The autoEF approach, developed by the U.S. medical equipment company Kosmos (EchoNous), leverages AI-driven programming and recognition models trained on extensive databases containing thousands of echocardiographic images with varying qualities and pathologies, annotated by expert investigators [
10]. Kosmos is the first patented clinical tool to integrate hybrid point-of-care ultrasound (POCUS) capabilities, designed to enhance bedside diagnostic confidence and facilitate the rapid calculation of LVEF [
11]. In March 2020, the Kosmos platform became the first AI-assisted handheld ultrasound device to receive U.S. Food and Drug Administration (FDA) approval for clinical use, as well as European CE mark approval [
12]. Portable LVEF measurements are designed to be used at the bedside, reducing waiting times and improving diagnostic efficiency. These tools offer significant advantages in terms of accessibility, speed, and ease of use, even in clinical settings with limited resources.
Several studies have since validated the reliability and diagnostic accuracy of this innovative AI-assisted device for LVEF calculation when compared with traditional echocardiography [
13]. These studies have shown that portable AI devices provide LVEF measurements comparable to those obtained with traditional echocardiography. For example, a multicenter study in Japan reported an intraclass correlation (ICC) of 0.81 between LVEF measured with a portable AI device and the standard biplane method, with no systematic, clinically significant differences. In another study, the autoEF algorithm of a portable device showed an ICC of 0.85 compared to the manual Simpson biplane method, with a sensitivity of 88% and a specificity of 87% in detecting reduced LVEF (≤50%).
The accuracy of measurements may vary based on operator experience. However, studies have shown that even less experienced users can obtain reliable results with portable AI devices. In a study of 449 patients, the diagnostic accuracy of AI was high for both novices (92.8% sensitivity) and experts (92.3% specificity) [
14]. Portable LVEF devices are particularly useful in clinical settings where access to traditional ultrasound is limited, such as emergency rooms, intensive care units, or home care. Their ability to provide rapid and reliable LVEF measurements allows for the timely assessment of cardiac function, which is critical for the management of patients with heart failure or other cardiovascular diseases.
Despite advances, it is important to consider that the accuracy of portable devices can be affected by factors such as image quality, acquisition technique, and individual patient characteristics. Therefore, it is essential that healthcare professionals are adequately trained in the use of these devices and in the interpretation of results.
Magnetic resonance imaging (CMR), with its superior contrast resolution, sufficient spatial resolution, and ability to perform three-dimensional evaluations, is widely regarded as the gold standard for assessing ventricular volumes [
15]. CMR overcomes the geometric assumptions inherent in ultrasound methods [
16]. However, direct comparisons between portable echocardiographic AI devices and CMR are limited.

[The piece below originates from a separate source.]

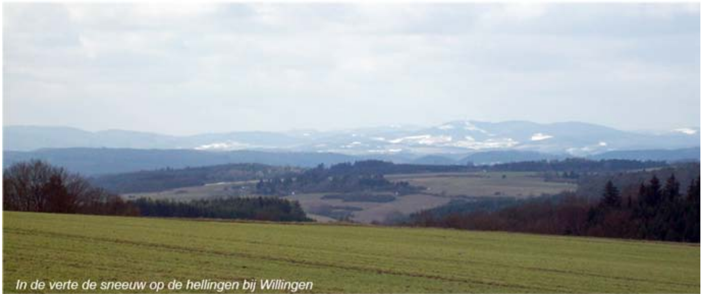
In de verte de sneeuw op de hellingen bij Willingen

Bij de kruising (3) slaan we af naar links en volgen het pad, dat even later naar rechts afbuigt.

A study evaluated the accuracy of a fully automated AI algorithm (autoEF) in calculating LVEF, comparing it with the modified Simpson method in echocardiography and with CMR as a reference. The results showed a strong correlation between autoEF and CMR (R = 0.89), with low interobserver variability (intraclass correlation coefficient = 1.00). In contrast, the modified Simpson method showed higher variability and lower correlation with CMR. Furthermore, autoEF underestimated LVEF (bias: 2.2%) while the modified Simpson method overestimated it (bias: −2.2%) [
17]. Another study compared the autoEF with manual EF measurement in 242 patients, using CMR as a reference. The correlation between AI and CMR was r = 0.89, similar to that between manual EF measurement and CMR (r = 0.89). Bland-Altman analysis showed a bias of 3.63 ± 7.40% for AI and 0.33 ± 7.52% for manual EF measurement, indicating that both methods are comparable in accuracy [
18].
An additional study compared the repeatability of LVEF measurements obtained by AI and manually in CMR. The automatic measurements showed a high interobserver correlation (ICC = 0.80 for LVEF), with minimal differences between repeated measurements (
t test
p = 0.73) [
19]. Similar to the above studies, the aim of this study was to evaluate the concordance between LVEF measurements obtained using the Kosmos AI-assisted autoEF algorithm and those derived from CMR, thereby assessing the reliability and accuracy of the AI-based method.
Therefore, the objective of this study is to assess the concordance between LVEF values obtained using the Kosmos AI-assisted autoEF algorithm and those derived from cardiac MRI. While prior studies have compared autoEF against standard echocardiographic techniques, few have rigorously validated it against CMR, and even fewer have done so using portable, point-of-care devices. This study directly addresses this gap, aiming to support the broader clinical adoption of handheld AI-powered echocardiography for reliable, bedside cardiac function assessment.
2. Materials and Methods
The study enrolled 49 consecutive adult patients referred for cardiac MRI. All participants underwent an additional echocardiographic evaluation using the Kosmos device, performed by a single experienced cardiologist. A formal sample size calculation was not performed, as this was an exploratory, single-center validation study. The sample size was determined based on the number of consecutive eligible patients undergoing scheduled cardiac MRI during the study period. For 35 patients (71.4%), CMR and echocardiographic assessments were conducted on the same day. In the remaining 14 patients (28.6%), the exams were performed within 72 h of each other, primarily due to logistical scheduling constraints. No clinical events or therapeutic interventions occurred between the two assessments that could influence LVEF measurements. Patients were included if over 18 and hemodynamically stable. Exclusion criteria included atrial fibrillation, frequent ectopy, severe comorbidities, pregnancy, breastfeeding, and patients under 18. All participants provided written informed consent. The study complied with local ethics guidelines and the Declaration of Helsinki.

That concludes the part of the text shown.